DETAILED ACTION
Notice of Pre-AIA or AIA Status
The present application, filed on or after March 16, 2013, is being examined under the first inventor to file provisions of the AIA .
Response to Amendment and Arguments
Applicant’s amendment filed on December 26, 2025 has been entered and made of record. Claims 1 and 3-20 are pending and are being examined in this application.
Applicant’s arguments with respect to the 103 rejections have been fully considered, but are unpersuasive for at least the following reasons:
Regarding amended claim 1, which now incorporates the subject matter of claim 16, applicant argues that the cited references fail to teach or suggest “in response to a request that includes an individual molecule representation of the molecule, returning a reference to the document.” In particular, applicant argues that “a search engine cannot index information that is not already present in textual form. However, Li does not index documents or provide any mechanism for searching documents by molecule representation. Thus, even if Cordeiro introduces AI-based extraction and identification of metadata of images and tables, combining Cordeiro's metadata with Li's molecular database still does not teach or suggest retrieving documents based on molecular representation” [Remarks, pgs. 5 and 6].
However, Li’s disclosure of looking up a molecular structure in a space database [fig. 5; abstract; pg. 6, second half; pg. 7, par. 3; pg. 8, par. 3; pg. 12, par. 2; claim 1] teaches “querying a molecule reference with the molecule representation” as recited in the third step of claim 1 (not argued by applicant). As such, Li also teaches the claimed “in response to a request that includes an individual molecule representation of the molecule, returning...”
Li further discloses that, in response to the lookup, the space database returns information about the molecule that is associated with the molecular structure [fig. 5; abstract; pg. 6, second half; pg. 7, par. 3; pg. 8, par. 3; pg. 12, par. 2; claim 1]. Thus, Li discloses returning associated information in response to lookup up the molecular structure in the space database, but does not disclose that the associated information includes a document.
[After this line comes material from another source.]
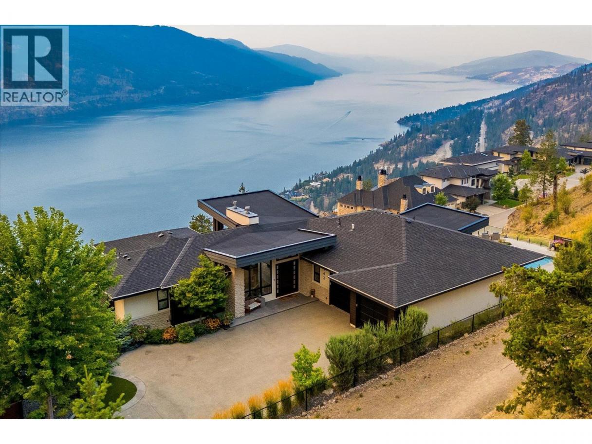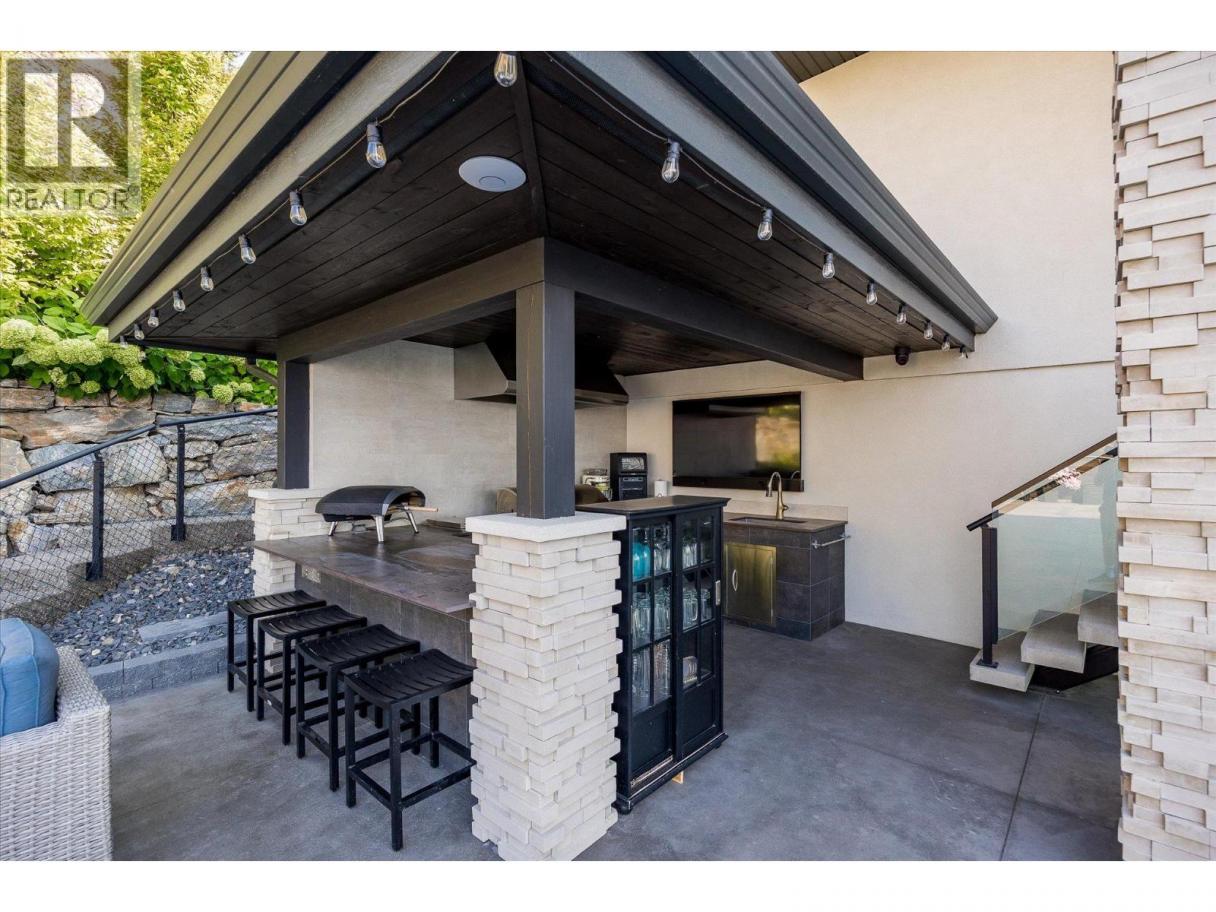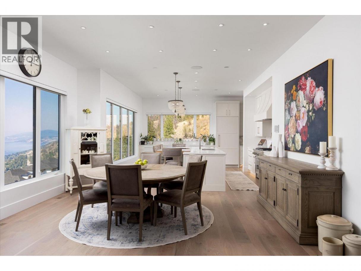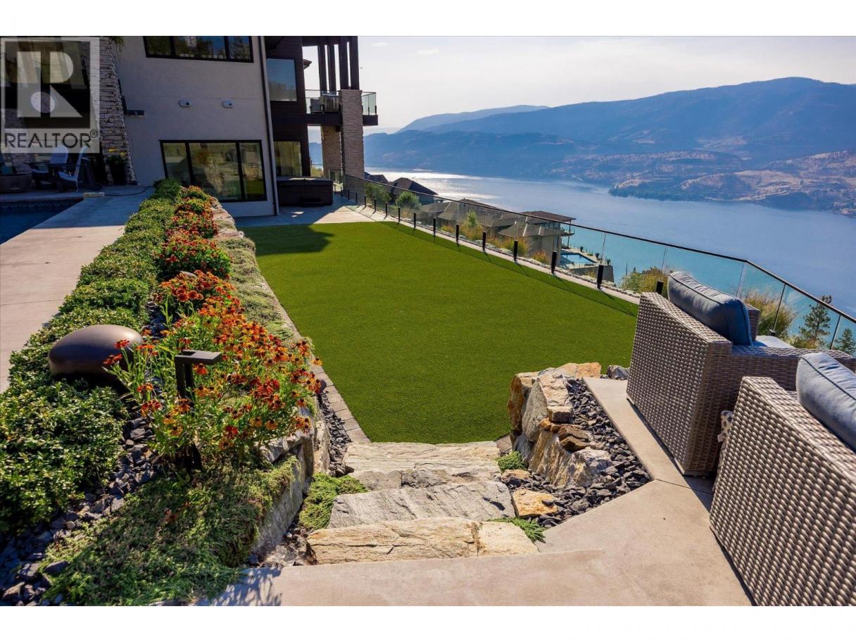 NEW PRICE!! Located in one of Kelowna’s most desirable neighborhoods, this property captures 180-degree panoramic views of the lake and mountains. Set on a quiet cul-de-sac, it offers rare privacy while remaining just minutes from downtown, wineries, golf, restaurants, and all the best of Okanagan living. The open-concept main level seamlessly connects indoor and outdoor living. A chef’s kitchen, designed by Carolyn Walsh, features a Thermador six burner range, two panelled fridges and dishwashers, a panelled freezer along with a striking two-tone island. A new working pantry and custom wine room elevate the home’s entertaining potential. Two primary suites provide private retreats with spectacular lake views. The main-level suite includes a fireplace sitting area and spa-inspired ensuite with a curbless steam shower. The lower-level suite mirrors the same luxury finishes, offering flexibility for guests or family. Designed for entertaining, the lower level also boasts a twelve seat theatre, wet bar, and recreation space, with a separate entrance for guests. Lower level radiant in-floor heating keeps every space warm and inviting. Resort-style outdoor living awaits with a saltwater pool, pool bath, artificial turf yard, and an outdoor kitchen - ideal for summer gatherings. Combining luxury, functionality, and effortless living, this home also grants direct access to Knox Mountain Park and Kelowna’s outdoor lifestyle. With its privacy and breathtaking views, this property delivers the quintessential Okanagan experience. (id:6769)

Cordeiro’s disclosure of extracting images and text from a document, converting the extracted images and text into structured information, and organizing the structure information together with the document [fig. 1; pars. 25-27, and 39] teaches the claimed “associating the document with the molecule data” as recited in the fifth step of claim 1 (not argued by applicant). Cordeiro further teaches indexing and retrieving documents through search engines [par. 25].
As such, combining Cordeiro’s disclosure of associating a document with structured information and retrieving indexed documents via search engines combined with Li’s disclosure of returning associated information from a space database in response to a lookup using a molecular structure clearly teaches the claimed “in response to a request that includes an individual molecule representation of the molecule, returning a reference to the document.”
Regarding amended claim 3, applicant “does not see anywhere that Li discusses creating synthetic documents by inserting images of molecules into text documents, and in particular, into unrelated text documents” [Remarks, pg. 7].
However, Li discloses that synthetic images (i.e., images with randomly replaced atoms) are combined with text data to train a fusion model capable of processing documents with both image and text data; the fusion model uses machine learning to perform image recognition and naming entity recognition [pg. 2, second half; pg. 5, second half; pg. 8, last 3 pars.]. In other words, the original image of the molecule is related to the text / document from which it was extracted, but the synthetic image comprising the randomly replaced atoms is no longer related. Also, combining the synthetic image with the text data is considered to be a synthetic document or, alternatively, associating the synthetic image with the document (i.e., in combination with Cordeiro) is considered to be a synthetic document.
Claim Rejections - 35 USC § 103
The following is a quotation of 35 U.S.C. 103 which forms the basis for all obviousness rejections set forth in this Office action:
A patent for a claimed invention may not be obtained, notwithstanding that the claimed invention is not identically disclosed as set forth in section 102, if the differences between the claimed invention and the prior art are such that the claimed invention as a whole would have been obvious before the effective filing date of the claimed invention to a person having ordinary skill in the art to which the claimed invention pertains. Patentability shall not be negated by the manner in which the invention was made.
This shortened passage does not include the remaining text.